R. Michael Van Dam, Ph.D.
CNSI 4310 / CNSI 2211 / CNSI 2149
Positions & Affiliations:
Professor and Vice Chair, Molecular and Medical Pharmacology; Co-Associate Director, Crump Institute for Molecular Imaging; Director, Crump Cyclotron and Radiochemistry Technology Center
Faculty, Bioengineering; Faculty, Physics in Biology and Medicine Interdepartmental Graduate Program; Member, CNSI; Member, JCCC
My group is broadly interested in developing technologies that can facilitate the study of cancer and other diseases and accelerate the discovery and development of new drugs or cell-based therapies. We are particularly focused on the benefits of in vivo molecular imaging via positron-emission tomography (PET), which can be used to visualize and quantify the distribution of certain receptors or markers throughout the body, or measure the rate of certain metabolic processes. Such information can be used to increase our scientific knowledge about disease, provide diagnostic information, monitor response to treatment, or optimize the in vivo properties of new therapies. Though thousands of PET radiopharmaceuticals have been developed to image different receptors and metabolic processes, only a few are routinely available from commercial sources due to the high cost and complexity of manufacturing these short-lived compounds. We strive to overcome this bottleneck by developing simpler, low-cost radiochemistry technologies and methods for the discovery and production of all types of radiopharmaceuticals (PET tracers, SPECT tracers, theranostics). We are developing (i) compact microfluidic radiochemical reactors for rapid, low-cost production of radiopharmaceuticals, (ii) new high-sensitivity instruments and methods for radiopharmaceutical analysis and cell uptake/binding assays, (iii) and novel high-throughput radiochemistry platforms for reaction optimization and radiopharmaceutical discovery. We are also interested in advancing the underlying tools (e.g., microfluidics) frequently used in the lab. We are passionate about making an impact in medicine, and strive to move proof-of-concept technologies into real-world applications through collaborations and commercialization.

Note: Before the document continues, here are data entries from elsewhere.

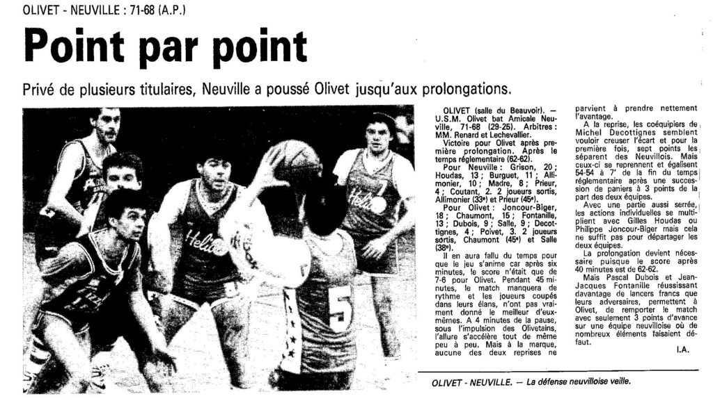 Saison 1988-1989 : Lors de la Journée du 26 Février 1989 en Championnat de Régionale Masculine 1, Olivet bat Neuville
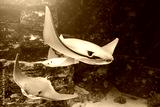 Group of stingrays are swimming on the blue sea near the underwater rocks.
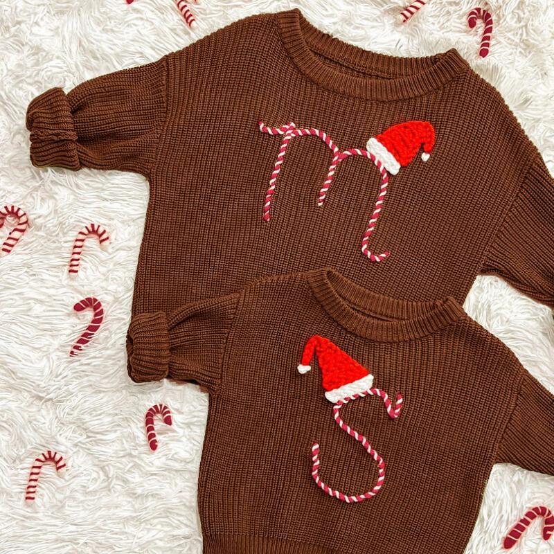 Personalized Handmade Name Sweater with Custom Letter And Santa Hat Pattern Creative Christmas Gift
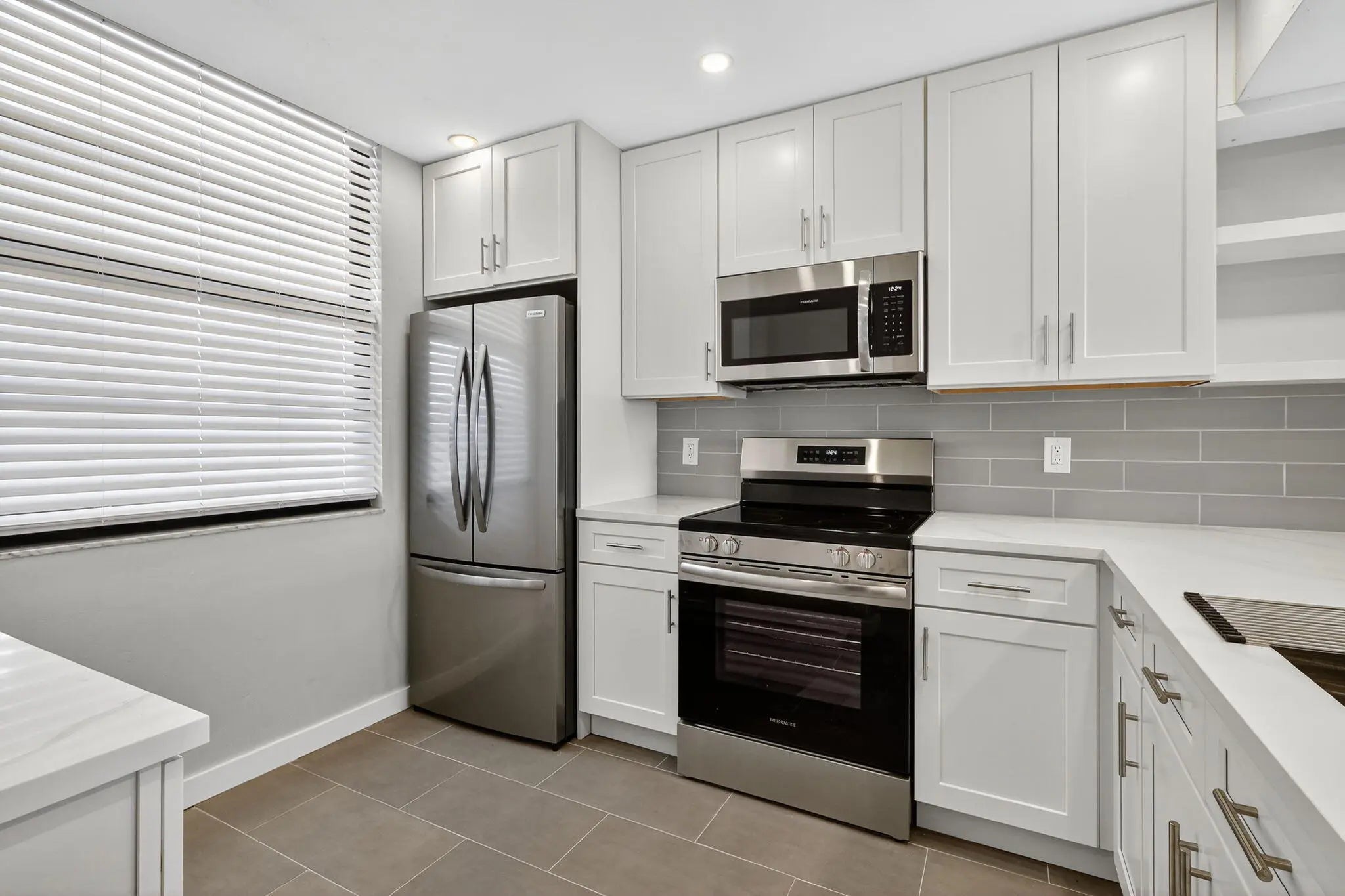 Newly remodeled condo MINUTES from Downtown West Palm Beach and PBI Airport Spacious modern style 2/2 with a large storage/laundry room that could be made into a den, gym, etc. Entrance through private gate at Land of the Presidents. Quartz countertops and ceramic tile.
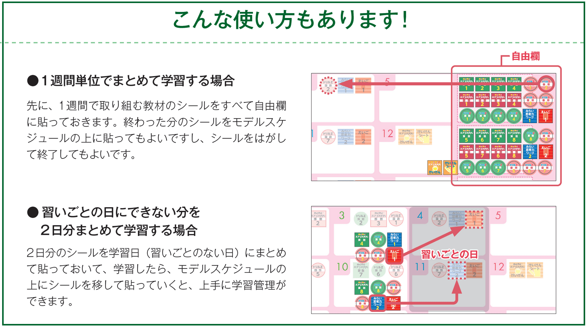 「がくしゅうカレンダー」「がくしゅうシール」の使い方
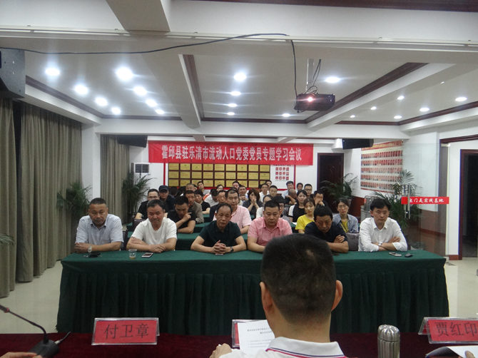 2019年6月22日,霍邱县驻乐清市流动人口党委召开党员专题学习会议。党委书记陈孝明主持会议。霍邱籍流动党员、预备党员、入党积极分子参加学习。

Dr. van Dam received his Bachelors degree in Engineering Physics from Queen’s University (Kingston, ON, Canada) and his Masters degree in Computer Engineering from the University of Toronto (Toronto, ON, Canada). He received his PhD in Applied Physics from the California Institute of Technology (Pasadena, CA, USA) where he studied under the direction of Prof. Stephen R. Quake in the area of microfluidics. Afterwards, he completed a Postdoc position at Caltech under the direction of Prof. James R. Heath on microfluidics applied to the synthesis of radiopharmaceuticals, and transitioned to a Senior Scientist role at Siemens Molecular Imaging Biomarker Research (Culver City, CA, USA) to commercialize this work. He joined the UCLA Department of Molecular & Medical Pharmacology in 2007. He is currently a Professor in the Crump Institute for Molecular Imaging, Department of Molecular & Medical Pharmacology, Department of Bioengineering, and the Physics and Biology in Medicine Graduate Program, as well as a Vice Chair of the Department of Molecular & Medical Pharmacology and a Co-Associate Director of the Crump Institute for Molecular Imaging. His research currently focuses on the development of novel, miniaturized technologies to perform multi-step radiosynthesis of radiopharmaceuticals (e.g. PET imaging tracers, theranostic agents), high-sensitivity radiochemical analysis, and instruments and methods for high-throughput radiochemical synthesis and analysis (with applications in synthesis optimization and novel radiopharmaceutical development). He has published over 70 papers and multiple book chapters, and has been granted over 20 patents, related to these discoveries. Dr. van Dam is also a co-founder of Sofie, Inc., which has commercialized a flexible radiosynthesizer technology and intuitive unit-operation-based programming approach developed in his laboratory (ELIXYS FLEX/CHEM and PURE/FORM).